# Just gotta share our good news...!!



## TwoBumps (Nov 22, 2007)

We're so happy.......!

Some of you may remember that we requested a NHS funded IVF cycle last year and were turned down on the basis that we're a same-sex couple, despite meeting all the other funding criteria.
Well we've argued with them, written letters, involved our local MP & eventually attended an appointment at the hospital to assess our treatment history so far.

Today we got our reward... the letter arrived that says they WILL fund a cycle as they agree IVF is clinically indicated.
  Woo hoo!!! YAY YAY YAY YAY!!!   

Now we've just got to pray we'll finally get to bring a baby home at the end of it!!

Just had to share our good news with you all!

Lottie & Maz xx


----------



## MummyP (Jan 24, 2007)

Ahhhrrrrr Well done Lottie & Maz, wish you all the luck with your TX  

Mummy P xx


----------



## lesbo_mum (Dec 22, 2008)

Well done guys it wasnt you guys mentioned in the times online was it


----------



## BaT (Oct 16, 2008)

Big CONGRATS to you both.  It was worth the fight!!!


----------



## Pinktink (Dec 17, 2008)

good for you guys xx


----------



## nismat (Mar 7, 2005)

Oh, that's great news! 
Well done you for fighting, and winning


----------



## TwoBumps (Nov 22, 2007)

Ha ha, no we're not the famous ones. Coincidence though!! I had a look at the article u mentioned, it's certainly good news for us women in same sex relationships but PCT's will still try to decline funding on other grounds.

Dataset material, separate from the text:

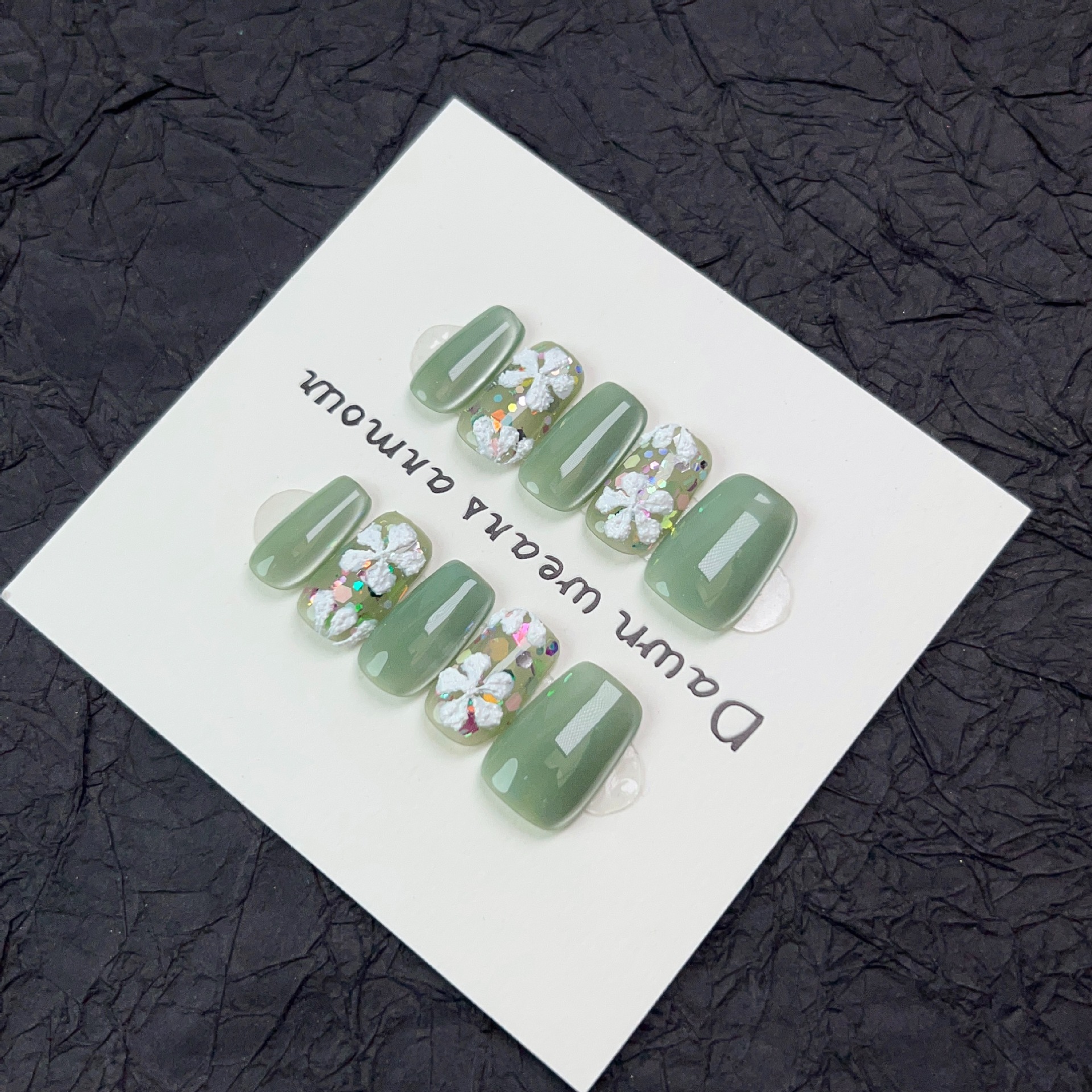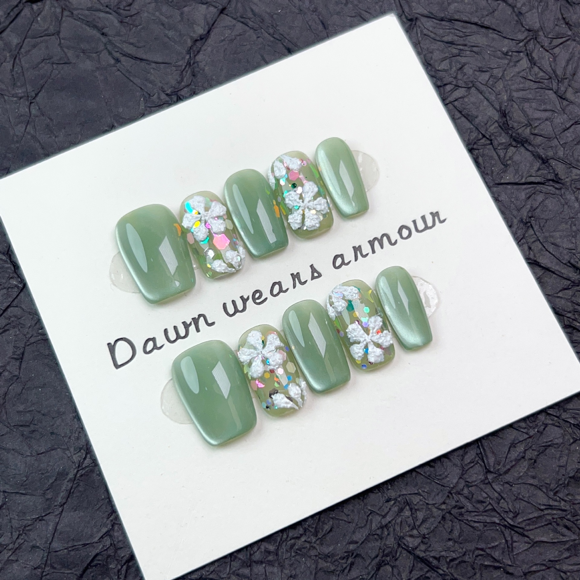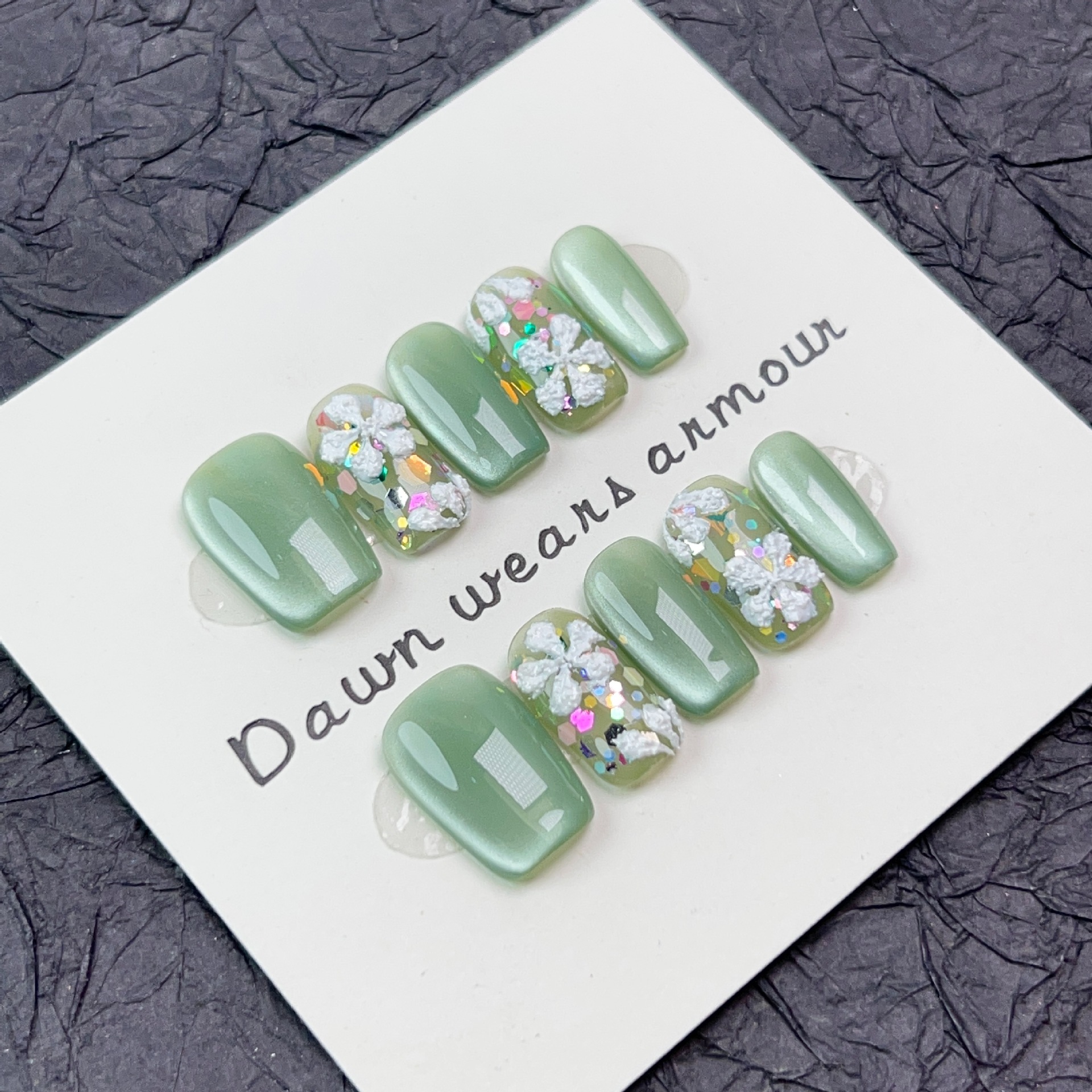 光影密林纯手工穿戴甲短款爆闪绿色玻璃猫眼小清新小花可拆卸甲片
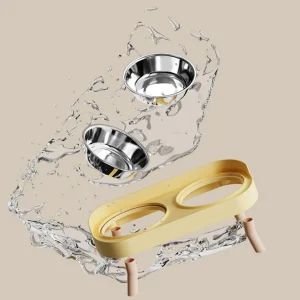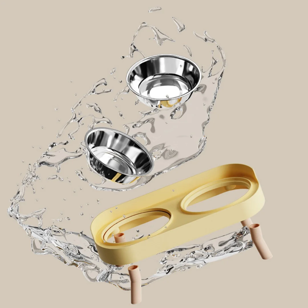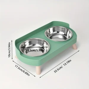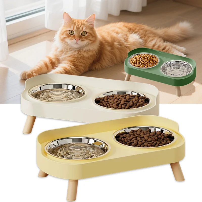 Cat Bowl Stainless Steel Double Bowl Anti Knock Pet Bowl Water and Food Integrated Cat and Dog Bowl Protects Cervical Spine

For us, they started off by saying they don't fund same sex couples, then changed it to say it was because we didn't have a diagnosis. The problem for lesbians is that it's very difficult to get a diagnosis of unexplained infertility due to the requirement to have not achieved pregnancy following two years of unprotected intercourse. However, should be good news for those with a recognised condition. Ultimately we asked for our previous treatments to be taken into consideration and after two years of private treatment they agreed we would benefit from a funded cycle. We've spent £13-14k on treatment so far so its been an expensive way of proving it!
Still, we're not complaining and we're thrilled to have finally been given access to a funded cycle.


----------



## nismat (Mar 7, 2005)

Have you been given any idea when you're likely to actually be able to get the funded cycle?


----------



## whisks (Feb 10, 2009)

lottiemaz

thats brilliant news, i hope you can get started soon 

whisks x


----------



## TwoBumps (Nov 22, 2007)

The ball's rolling already! I've got the day 2 blood tests booked for Thurs (day 1 will be 2mrw... unless a miracle has occurred with this month's home insem!) and a day 3 pelvic ultrasound scan is booked for Friday. Once the results are back we book an appointment with the consultant & I guess we'll get the plan then. 
We'd still like to use our KD so we'll need to wait for his results (even though he just had the tests done in May, we don't have any of his sperm in quarantine) so I think that'll take 6 months. In the 2 years since we joined the NHS private waiting list we've actually now made it to the top of the donor sperm list, but as long as our KD is prepared to be part of the IVF process we'll (impatiently) wait for his results!!
We're in a merry shock... this is all happening so quickly!!

Lottie x


----------



## Pinktink (Dec 17, 2008)

you have more patience than us - I'd already be picking donors from a catalogue -   

I guess it's different for us as we don't want to have a known donor or donor involvement... are you planning for your child to know your donor?

x


----------



## TwoBumps (Nov 22, 2007)

Ha, I know what you mean! 
We've used donor sperm in the past but since we decided to approach our KD, we're happy we made that choice. Hopefully he'll be up for helping out with the IVF, I'm going to phone him tonight to find out! He's a good friend of ours and has lots of lovely qualities, which we'd be happy to 'rub off' onto any child(ren) and we've all already agreed on him having contact in our 'donor contract'. He wont be a legal parent though and he's happy with that arrangement.
The other benefit is that we can keep trying home insems in the meantime. The NHS funding is only for IVF on me, as I'm the one who has had all the clinic treatment so far & the decision has been made on that basis. If it's successful, we'll still be able to keep trying for a sibling with DW & KD through home insems, or private IVF if necessary.

Lottie


----------



## curves angel (Jun 27, 2009)

Such fab news!


----------



## MandMtb (Mar 6, 2009)

Lottie & Maz, I just wanted to let you know I am thrilled for you both 

Well done for your strength, determination and patience... 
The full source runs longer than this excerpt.